- Theatrical release poster
- Directed by: Burt Gillett
- Produced by: Walt Disney
- Starring: Walt Disney Marcellite Garner Pinto Colvig Billy Sheets
- Music by: Frank Churchill
- Animation by: Art Babbitt Johnny Cannon Les Clark Ugo D'Orsi Norman Ferguson Jack Hannah Dick Lundy Hamilton Luske Bill Roberts Ben Sharpsteen Cy Young
- Color process: Black & white
- Production company: Walt Disney Productions
- Distributed by: United Artists
- Release date: May 19, 1934;
- Country: United States
- Language: English

= Gulliver Mickey =

1934 Mickey Mouse cartoon

Gulliver Mickey is a black and white short cartoon in the Mickey Mouse series, produced by Walt Disney and released by United Artists in 1934. It was the 66th Mickey Mouse short film to be released, and the fourth of that year.

== Plot ==
Mickey is first seen reading Gulliver's Travels, the 1726 novel by Jonathan Swift, while the mice orphan children are pretending to be sailors. He then joins in their play by hiding under the rug, pretending to be a whale. After poking Mickey with a fork, causing their "ship" to collapse, the children start to cry. Mickey manages to calm them down by retelling the Liliput sequences of Gulliver's Travels, pretending it was a real event that happened to him by portraying the role of Gulliver.
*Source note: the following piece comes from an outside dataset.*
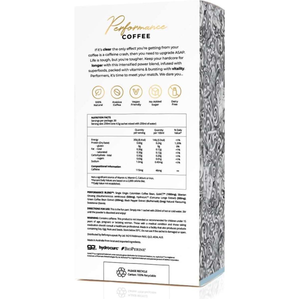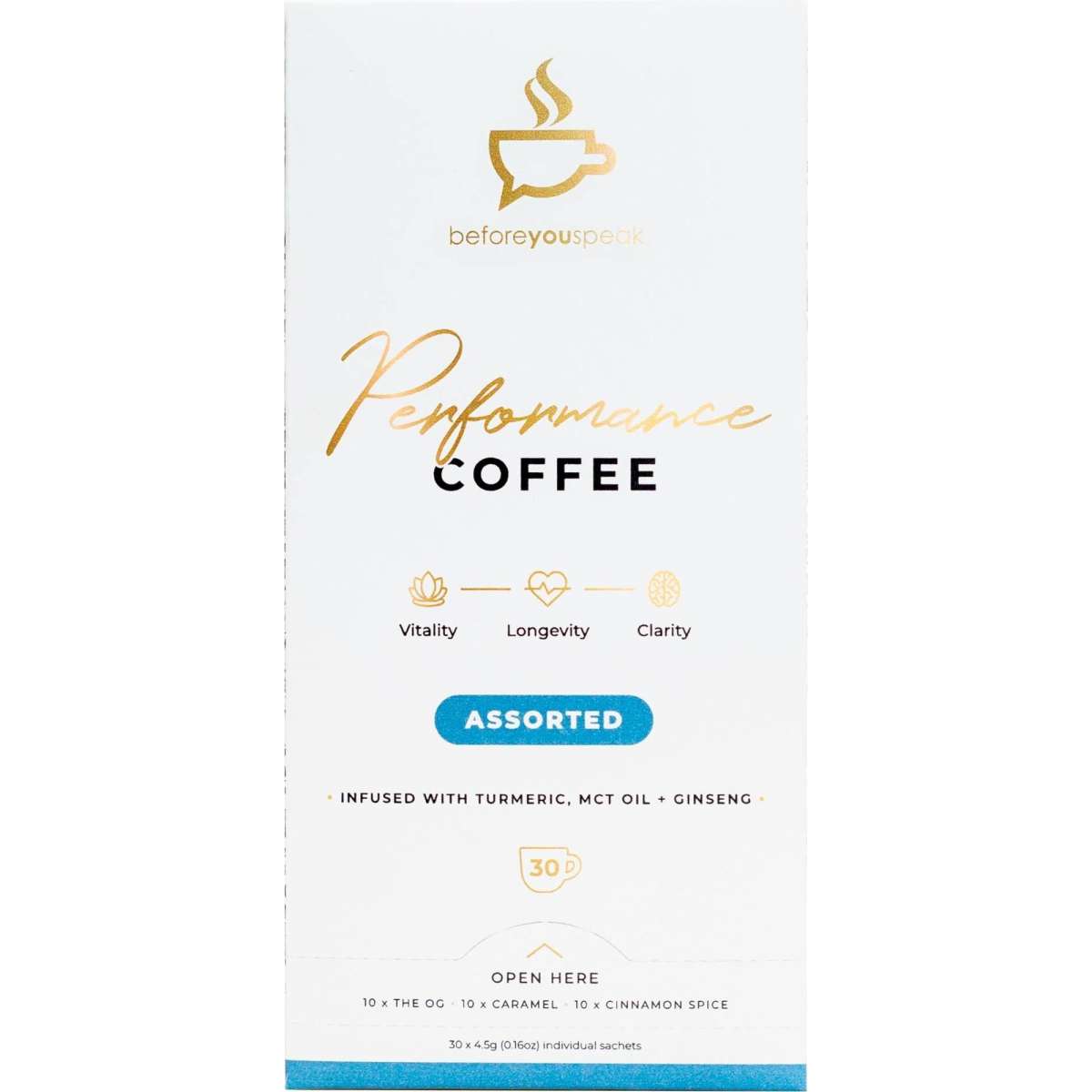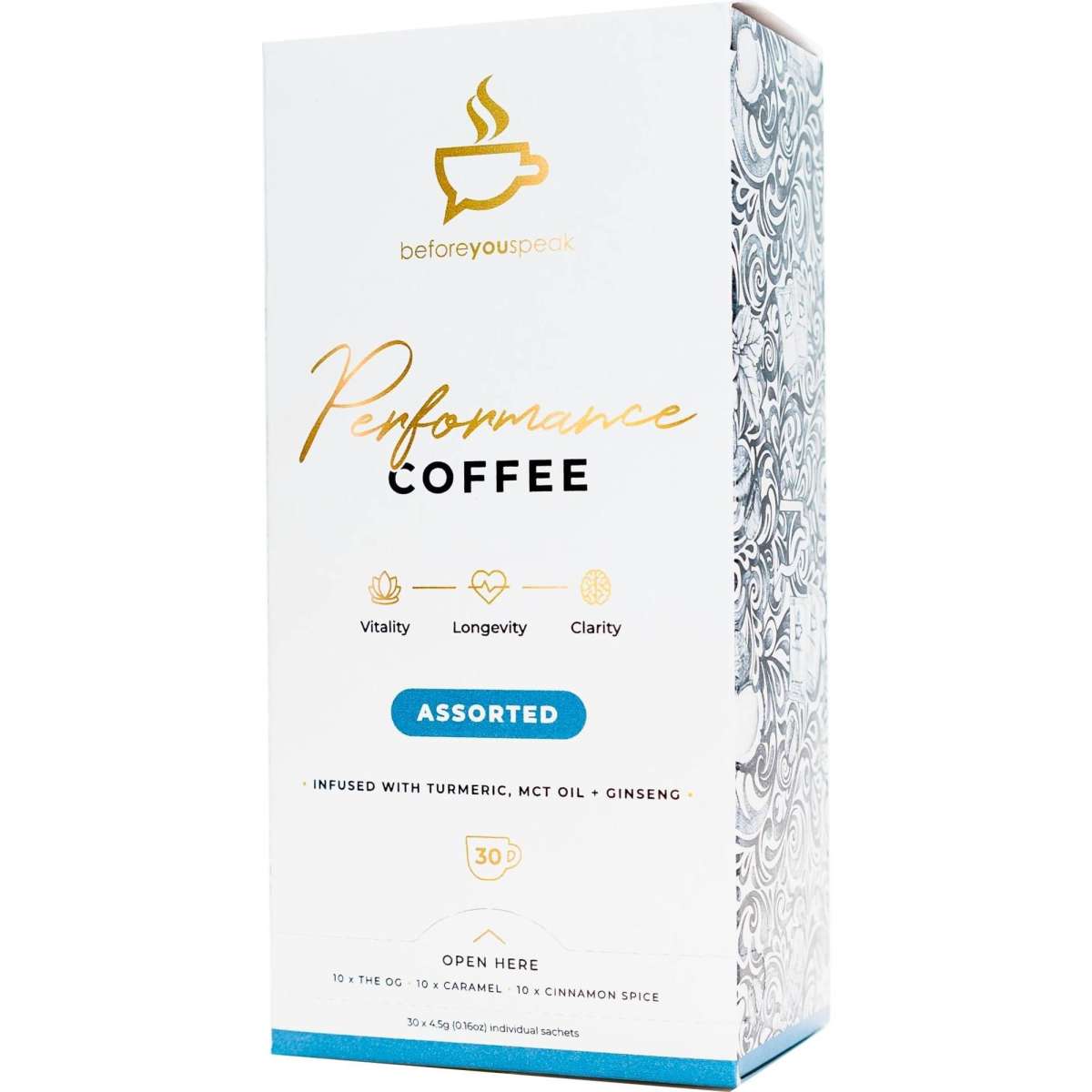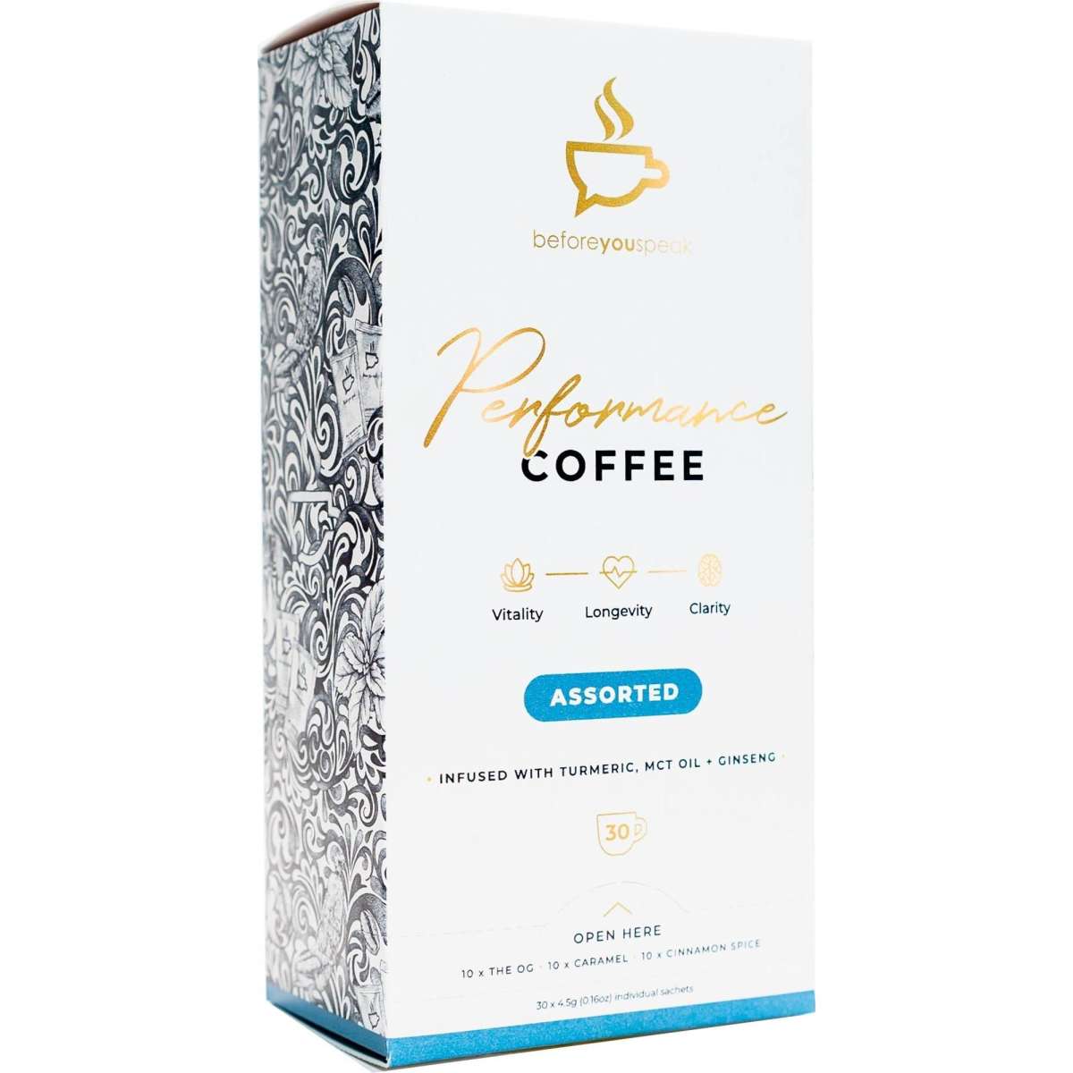 The Assorted Performance Coffee by Beforeyouspeak Coffee is a mixed box containing 30 sachets of their signature blends:10 x OG, 10 x Caramel and 10 x Cinnamon. Each one made with single origin Colombian coffee infused with turmeric, MCT oil & Siberian ginseng and finished with a spicy kick of black pepper.

The story ends with Mickey saving the town from a giant spider (Pete), but after telling the story, one of the children dangles a fake spider attached to a fishing rod, which scares Mickey out of his wits.

As soon as Mickey had manages to struggle to be free from the spider's long legs, he immediately gets the spider away, but in Mickey's story, he is battling a cushion making feathers fly everywhere.

==Legacy==
Gulliver Mickey is adapted in Kingdom Hearts II as a mission in the Timeless River world, where Sora, Donald Duck and Goofy protect the town from the Heartless.

==Voice cast==
- Mickey Mouse: Walt Disney
- Pluto: Pinto Colvig
- Mickey's Nephews: Marcellite Garner
- Giant Spider: Billy Sheets

==Home media==
The short was released on December 2, 2002, on Walt Disney Treasures: Mickey Mouse in Black and White.